GIVEN DATA:
========================================

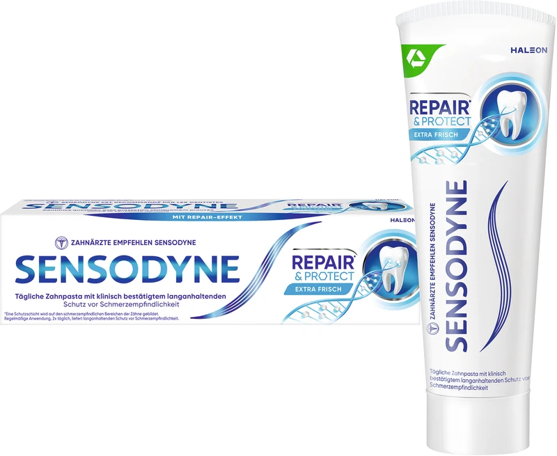 SENSODYNE® REPAIR & PROTECT kann die angreifbaren Stellen der Zähne reparieren. Bildet eine (zinnhaltige) Schutzschicht auf dem freiliegenden Dentin. Repariert dauerhaft die schmerzempfindlichen Bereiche und verhindert die Reizweiterleitung. Langanhaltender Schutz vor Schmerzempfindlichkeit und Schmerzlinderung. Klinisch geprüft. Bietet alle Vorteile einer täglichen Zahnpasta.
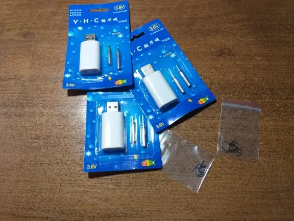пришла с заряженными батареями.Все работает.В подарок продавец кинул крючки '6'
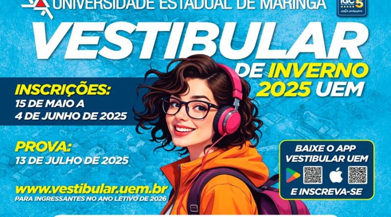 As inscrições para o Vestibular de Inverno 2025 da Universidade Estadual de Maringá (UEM) terminam às 23h59 de quarta-feira (4) e não serão prorrogadas. Os interessados precisam acessar o site www.vestibular.uem.br e preencher o formulário. No endereço, também é possível acessar o edital com todas as informações necessárias e as principais datas.
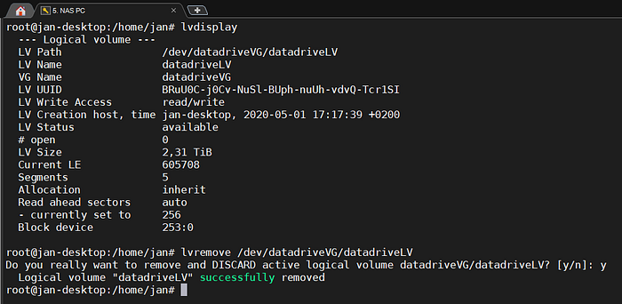 First I had to backup my data to another (external) drive. Then I unmounted the logical volume and deleted it.
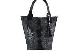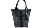 Skórzany shopper bag damski worek croco czarny - Barberini's 375/7-1

========================================

EXERCISE REQUIREMENTS: The records shown above are to be repeated exactly, with the pictures left out.

ANSWER TO THE EXERCISE:
 SENSODYNE® REPAIR & PROTECT kann die angreifbaren Stellen der Zähne reparieren. Bildet eine (zinnhaltige) Schutzschicht auf dem freiliegenden Dentin. Repariert dauerhaft die schmerzempfindlichen Bereiche und verhindert die Reizweiterleitung. Langanhaltender Schutz vor Schmerzempfindlichkeit und Schmerzlinderung. Klinisch geprüft. Bietet alle Vorteile einer täglichen Zahnpasta.
пришла с заряженными батареями.Все работает.В подарок продавец кинул крючки '6'
 As inscrições para o Vestibular de Inverno 2025 da Universidade Estadual de Maringá (UEM) terminam às 23h59 de quarta-feira (4) e não serão prorrogadas. Os interessados precisam acessar o site www.vestibular.uem.br e preencher o formulário. No endereço, também é possível acessar o edital com todas as informações necessárias e as principais datas.
 First I had to backup my data to another (external) drive. Then I unmounted the logical volume and deleted it.
 Skórzany shopper bag damski worek croco czarny - Barberini's 375/7-1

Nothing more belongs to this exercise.